Updated : 20/04/2016
If you need medical treatment while you are in another EU country, presenting your EHIC can simplify payment and reimbursement procedures.
With the European Health Insurance Card you can get healthcare - and claim reimbursement for the costs you incur - on the same terms as nationals of the country you are in. If the treatment you need is free for local residents, you won't have to pay. If the treatment requires payment, you can either ask for reimbursement from the national institution whilst still in the country and get reimbursement directly there, or ask for reimbursement from your health insurer when you get home. Your expenses will be reimbursed according to the rules and rates of the country where the treatment was received. So you will be reimbursed either for the full cost of the treatment, or you will have to bear the patient's fee according to the rules of the country where the treatment took place. Alternatively, your insurer may decide to reimburse the full cost according to its own rules.

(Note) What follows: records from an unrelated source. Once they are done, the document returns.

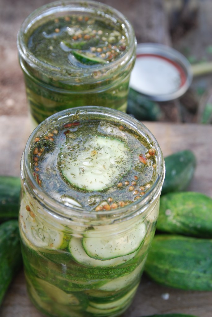Cut up cucumber and in a glass jar add all ingredients you want to pickle. I added about a teaspoon of dill.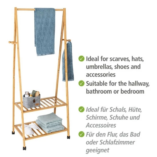 Der praktische Kleiderständer Honolulu von WENKO wird zum Hingucker in allen Räumen. Das schlichte Design und die natürliche Farbgebung des Bambus vereinen sich zu einem modernen Möbelstück, das Ihrem Zuhause einen modernen Touch hinzufügt.
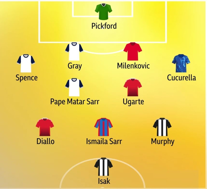 Varnarmaður: Marc Cucurella (Chelsea) - Hefur verið mjög öflugur með Chelsea á tímabilinu og sýnt stöðugleika. Hann skoraði í 2-1 sigri gegn Brentford og þó hann hafi látið reka sig útaf í uppbótartíma þá kemst hann í úrvalsliðið.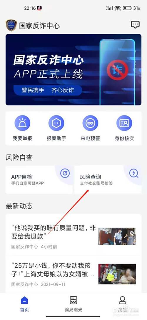 2、进入国家反诈中心APP,点击风险查询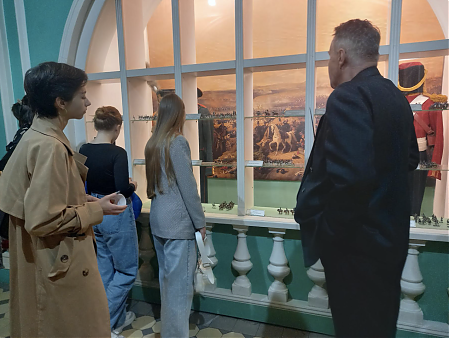 Хрусталев С.А. занимается изготовлением и составлением композиций из фигурок нюрнбергского стандарта (нюрнбергская миниатюра). В области исторической военной реконструкции создал значительное количество точных копий предметов и снаряжения эпохи наполеоновских и первой мировой войн. Студенты ознакомились не только с экспозицией живописных работ Хрусталева С.А., но и с выставкой точных копий расписных оловянных солдатиков. Эта выставка посвящена 21 годовщине Бородинского сражения. Сергей Алексеевич рассказал о малоизвестных широкой публике эпизодах знаменитой битвы 1812 года, о технологии изготовления фигурок в аутентичном образе соответствующем исторической достоверности.

Anna has statutory health insurance cover in EU country A and is spending a few months in EU country B to finish her studies. She has her European Health Insurance Card with her, issued in country A. She is pregnant and will give birth while in country B. Pregnancy and childbirth are considered urgent medical care, so Anna will get the necessary medical assistance in country B when she presents her European Health Insurance Card and identity card.
Anna will be treated in country B as if she were insured in that country. This means that if treatment is free for people insured there, it will be free for Anna too. If people pay and then apply for reimbursement, Anna will pay the same fees as locally insured people, then apply for reimbursement. She should apply for reimbursement in country B, where she will be reimbursed at the same rate as people insured there (country B will then liaise with health authorities in country A, where Anna is insured, to get their money back).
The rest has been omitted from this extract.